While these figures are just a fraction of the nearly three million population Kansas has maintained throughout those years, they show that estates and probate are a factor in someone’s life in the Sunflower State, whether they are prepared for it or not. 

To help you prepare for the inevitability of having to sift through Kansas’s inheritance laws, this article details common estate and probate statutes in the state. It answers questions such as what a valid will is and who inherits what in case the deceased didn’t leave a will. It also touches on a few statutes covering situations that might not happen but where legal knowledge will prove useful if they do occur. 

What Happens if Someone Dies With a Will in Kansas?

Before diving into what happens if someone passes with a will, let's first establish what makes a will valid.

Under Kansas law, a person must be at least 18 years old and of sound mind in order to make a valid will. A testator is considered to have a sound mind if they know the properties they own and understand to whom these properties will be given. Someone who has been deemed mentally incompetent in a past legal proceeding due to circumstances such as insanity is legally considered not of sound mind. 
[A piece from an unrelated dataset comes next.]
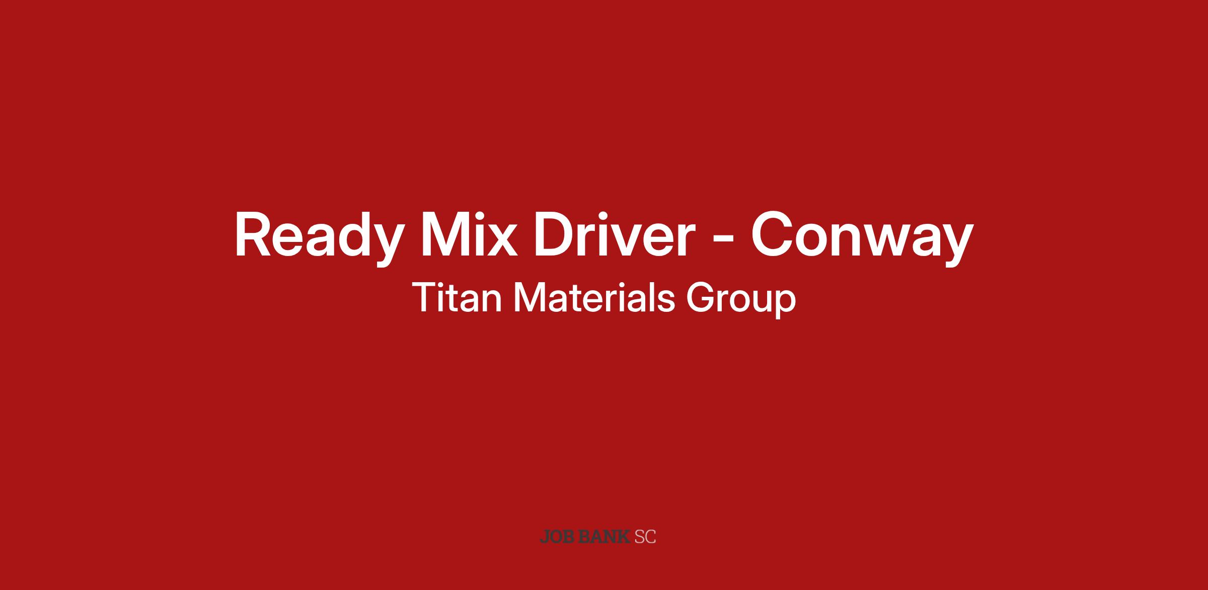 S&W Ready Mix isΒ looking for high energy women and men to fill our opening for aΒ Ready Mix DriverΒ at ourΒ Conway plant facility.Β S&W Ready Mix/Titan America, LLC offers excellent wages and benefits, including health, dental, vision, 401k savings plan, paid vacation, and holidays.Β Drivers should be flexible, patient, trustworthy, customer service driven, and adaptable to changing environments and schedule.

All wills, aside from oral wills disposing of personal property, must be in writing and signed by either the will’s testator or a competent person under the directions of the testator. Written wills need to be signed in the presence of two or more competent witnesses. preferably those disinterested in the contents of the will

Written wills that follow the requirements stated above can be made self-proved, meaning that the testimonies of the witnesses to the making of the will would be unneeded during probate. Instead, the witnesses and the testator must simply execute an affidavit confirming the will’s authenticity.

Whether self-proved or not, a petition to probate a will must be made within six months of the testator’s passing. This is in order for the document to validly pass along property to the heirs or beneficiaries. Probating a will is the process of verifying its validity as a legal document and a true statement of the deceased’s wishes. 

Certain kinds of property, such as real estate or motor vehicles, can be designated as transfer-on-death assets that automatically pass onto the beneficiary named under their title. Other assets with named beneficiaries, such as life insurance policies, also avoid probate.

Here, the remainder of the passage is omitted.